Les CUMP n'obéissent pas à une procédure nationale uniforme, mais composent avec les forces et histoires en présence. « Cela serait totalement contre-productif d'obliger deux personnes à travailler ensemble si elles ne s'entendent pas », justifie la Dr Prieto. 

Elles partagent néanmoins une culture commune diffusée aux soignants qui proposent leur aide, via des guides ou des tutoriels vidéos. « On recommande de ne pas employer un discours trop psychiatrisant : les professionnels qui appellent ne sont pas en quête d'une psychothérapie ! », résume la psychiatre, qui exerce au sein de la CUMP 69. Les écoutants doivent aussi connaître le contexte local pour avoir une écoute empathique et juste. C'est pourquoi la Dr Prieto n'hésite pas à se rendre directement au Samu des HCL ou à participer aux réunions sur la gestion du personnel et des lits. « Hors de question de proposer un groupe de parole autour d'une table. Les échanges sont informels. Les professionnels savent qu'on est là »

Un groupe à risque 

Dans cette crise du coronavirus, les soignants sont particulièrement à risque. La lutte contre un ennemi invisible, dont on sait mal se protéger, les confronte à une surcharge de travail, à la mort de masse, et à un sentiment d'impuissance et de perte, rappelle la Dr Prieto.

L'épidémie génère du stress « parce qu'on ne fait plus que ça », poursuit-elle. Nombreux sont les soignants qui, venant prêter main-forte dans d'autres services que le leur, « se retrouvent à leur place sans être à leur place », à apprendre en urgence des gestes auxquels ils ne sont pas habitués. 

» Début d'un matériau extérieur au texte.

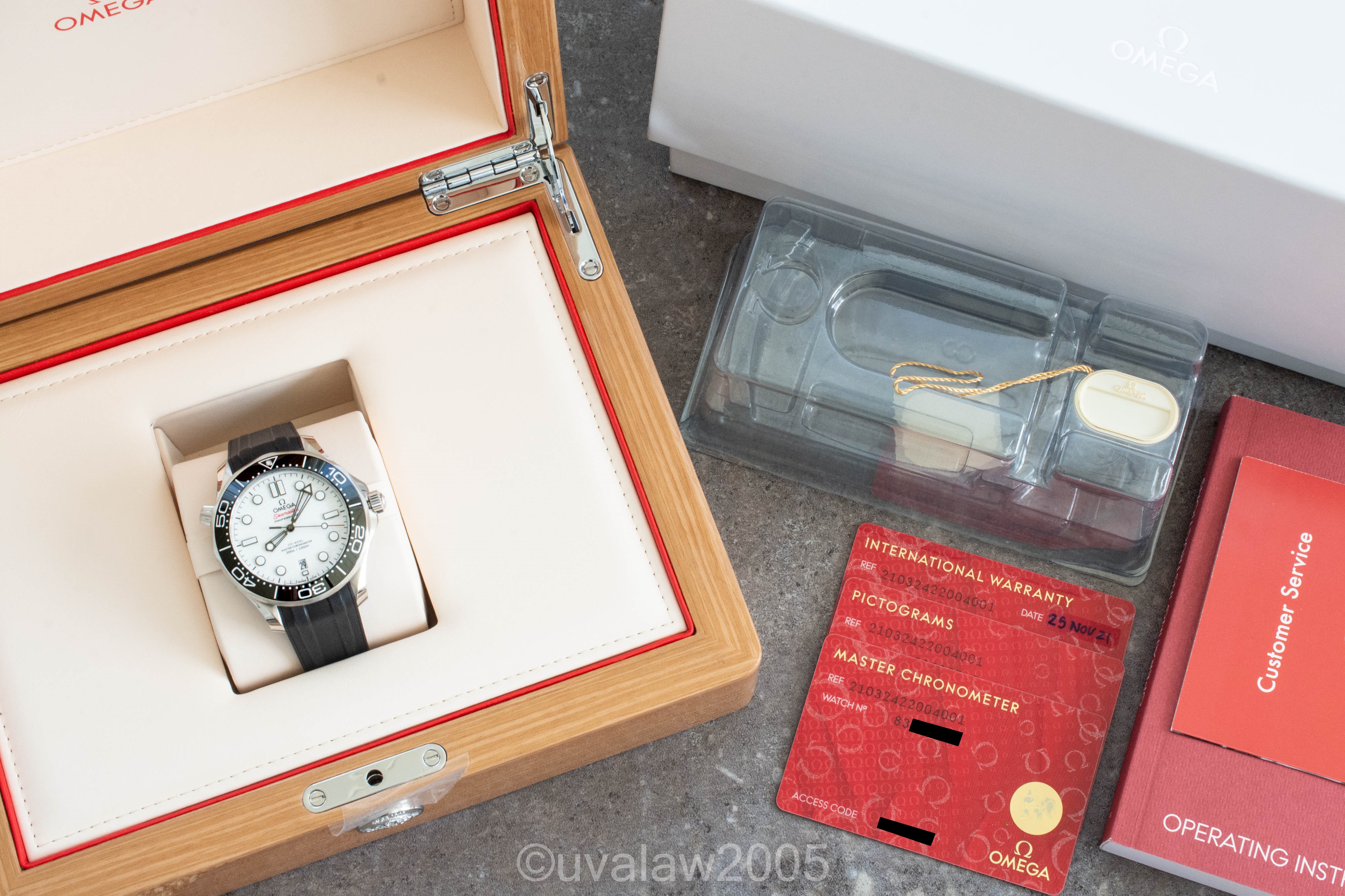 ·For sale is my brand new in box Omega Seamaster Diver 300m 42mm 8800 White Wave Dial with OEM Rubber, ref. 210.32.42.20.04.001. Includes boxes, manual, cards, hang tag, stickers, and plastic coffin. METAS results are pictured below. Omega warranty runs through November 2026.

Leur héroïsation est à double tranchant. « On se sent indispensable, mais cette fausse émulation risque de retomber très vite », met en garde la psychiatre. Enfin, le retentissement de cet engagement sur la vie personnelle n'est pas anodin (peur de contaminer ses proches, éloignement douloureux, etc.). 

Troubles anxieux, dépression sous jacentes, PTSD, addictions

Selon la Dr Prieto, une telle situation peut engendrer des troubles anxieux, dont du stress post-traumatique (en raison du nombre de décès, de leur brutalité, de l'éloignement forcé des familles), des troubles du sommeil, des états dépressifs masqués derrière l'anxiété, des addictions, « très souvent minimisées ». Elle peut aussi réactiver des troubles anciens ou réveiller des problématiques liées à la hiérarchie ou à l'équipe.  

« On propose toujours, avec plus ou moins d'insistance, de rappeler la personne. On peut même orienter vers des psychiatres si l'on perçoit un risque de chronicisation des troubles », indique la référente nationale. 

Un public difficile à capter 

Mais les soignants restent une population difficile à toucher. Début avril, « aucune hotline n'est saturée, il n'y a pas beaucoup de demande », observe-t-elle. 

La psychiatre s'inquiète notamment pour ceux qui passeraient à travers les mailles du filet, comme les étudiants ou retraités intervenus ponctuellement, ou le personnel des EHPAD. Elle se soucie enfin de l'après. « Quand tout le monde voudra parler d'autres choses, c'est là que ça risque de craquer ».